Exercise 6: Polynomial and Flexible Regression#

In this exercise, we analyse the relationship between wage and age using four flexible regression approaches:

  • Polynomial regression

  • Stepwise functions (degree-0 splines)

  • Spline regression

  • Local regression (LOWESS)

We will use the Wage dataset for the following exercises. Please briefly visit the documentation for further information: https://rdrr.io/cran/ISLR/man/Wage.html

import numpy as np
import matplotlib.pyplot as plt
import statsmodels.api as sm

wage = sm.datasets.get_rdataset("Wage", "ISLR").data

fig, ax = plt.subplots()
ax.scatter(wage["age"], wage["wage"], alpha=0.15)
ax.set(xlabel="Age", ylabel="Wage", title="Wage vs Age");

wage.head()
year age maritl race education region jobclass health health_ins logwage wage
rownames
231655 2006 18 1. Never Married 1. White 1. < HS Grad 2. Middle Atlantic 1. Industrial 1. <=Good 2. No 4.318063 75.043154
86582 2004 24 1. Never Married 1. White 4. College Grad 2. Middle Atlantic 2. Information 2. >=Very Good 2. No 4.255273 70.476020
161300 2003 45 2. Married 1. White 3. Some College 2. Middle Atlantic 1. Industrial 1. <=Good 1. Yes 4.875061 130.982177
155159 2003 43 2. Married 3. Asian 4. College Grad 2. Middle Atlantic 2. Information 2. >=Very Good 1. Yes 5.041393 154.685293
11443 2005 50 4. Divorced 1. White 2. HS Grad 2. Middle Atlantic 2. Information 1. <=Good 1. Yes 4.318063 75.043154
../../_images/c19115aefd0a825ca09b489fce1e2c7f5f2ef6080318b802fc5669d2e035e484.png

Please predict Wage from Age using four different models:

  1. A polynomial regression model of degree 3

  2. A stepwise model with cut points at 30, 50, and 65 years

  3. A third order spline regression model with df=6

  4. A lowes local regression model with frac=0.4

Plot the resulting model fits in a single figure.

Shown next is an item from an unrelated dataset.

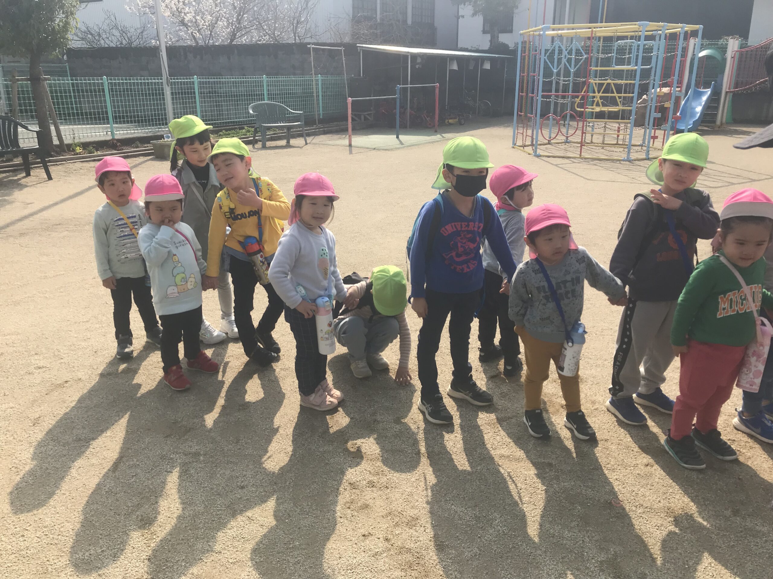 今日はお別れ遠足で丸の内公園まで行ってきました。

from sklearn.preprocessing import PolynomialFeatures
from sklearn.linear_model import LinearRegression

poly = PolynomialFeatures(degree=3, include_bias=False)
X_poly = poly.fit_transform(wage[["age"]])
poly_mod = LinearRegression().fit(X_poly, wage["wage"])
import patsy
import statsmodels.api as sm

cuts = [35, 50, 65]

step_basis = patsy.dmatrix(
    "bs(age, knots=cuts, degree=0, include_intercept=False)",
    {"age": wage["age"], "cuts": cuts},
    return_type="dataframe",
    )
step_mod = sm.OLS(wage["wage"], step_basis).fit()
spline_basis = patsy.dmatrix(
    "bs(age, df=6, degree=3, include_intercept=False)",
    {"age": wage["age"]},
    return_type="dataframe",
    )
spline_mod = sm.OLS(wage["wage"], spline_basis).fit()
from statsmodels.nonparametric.smoothers_lowess import lowess

low_mod = lowess(wage["wage"], wage["age"], frac=0.4)

Plot the models:

age_grid = np.linspace(wage["age"].min(), wage["age"].max(), 300)

# Polynomial predictions
poly_pred = poly_mod.predict(poly.transform(age_grid.reshape(-1, 1)))

# Stepwise predictions
step_grid = patsy.dmatrix(
    "bs(x, knots=cuts, degree=0, include_intercept=False)",
    {"x": age_grid, "cuts": cuts},
    return_type="dataframe",
)
step_pred = step_mod.predict(step_grid)

# Spline predictions
spline_grid = patsy.dmatrix(
    "bs(x, df=6, degree=3, include_intercept=False)",
    {"x": age_grid},
    return_type="dataframe",
)
spline_pred = spline_mod.predict(spline_grid)

fig, ax = plt.subplots()
ax.scatter(wage["age"], wage["wage"], alpha=0.15, label="Data")
ax.plot(age_grid, poly_pred, label="Polynomial (deg=3)", linewidth=2)
ax.plot(age_grid, step_pred, label="Step function", linewidth=2)
ax.plot(age_grid, spline_pred, label="Spline (df=6)", linewidth=2)
ax.plot(low_mod[:,0], low_mod[:,1], label="LOWESS (frac=0.4)", linewidth=2)
ax.set(xlabel="Age", ylabel="Wage")
plt.legend();
/home/mibur/miniconda3/envs/psy111/lib/python3.13/site-packages/sklearn/base.py:493: UserWarning: X does not have valid feature names, but PolynomialFeatures was fitted with feature names
  warnings.warn(
../../_images/434b489af1be2173046345132f65d47f81f3859fefafd331a01e7bdcd4574af8.png

Exercise 7: Generalized Additive Models#

Objective: Understand how the number of basis functions (df) and the polynomial degree (degree) affect the flexibility of a spline and the resulting fit in a Generalized Additive Model.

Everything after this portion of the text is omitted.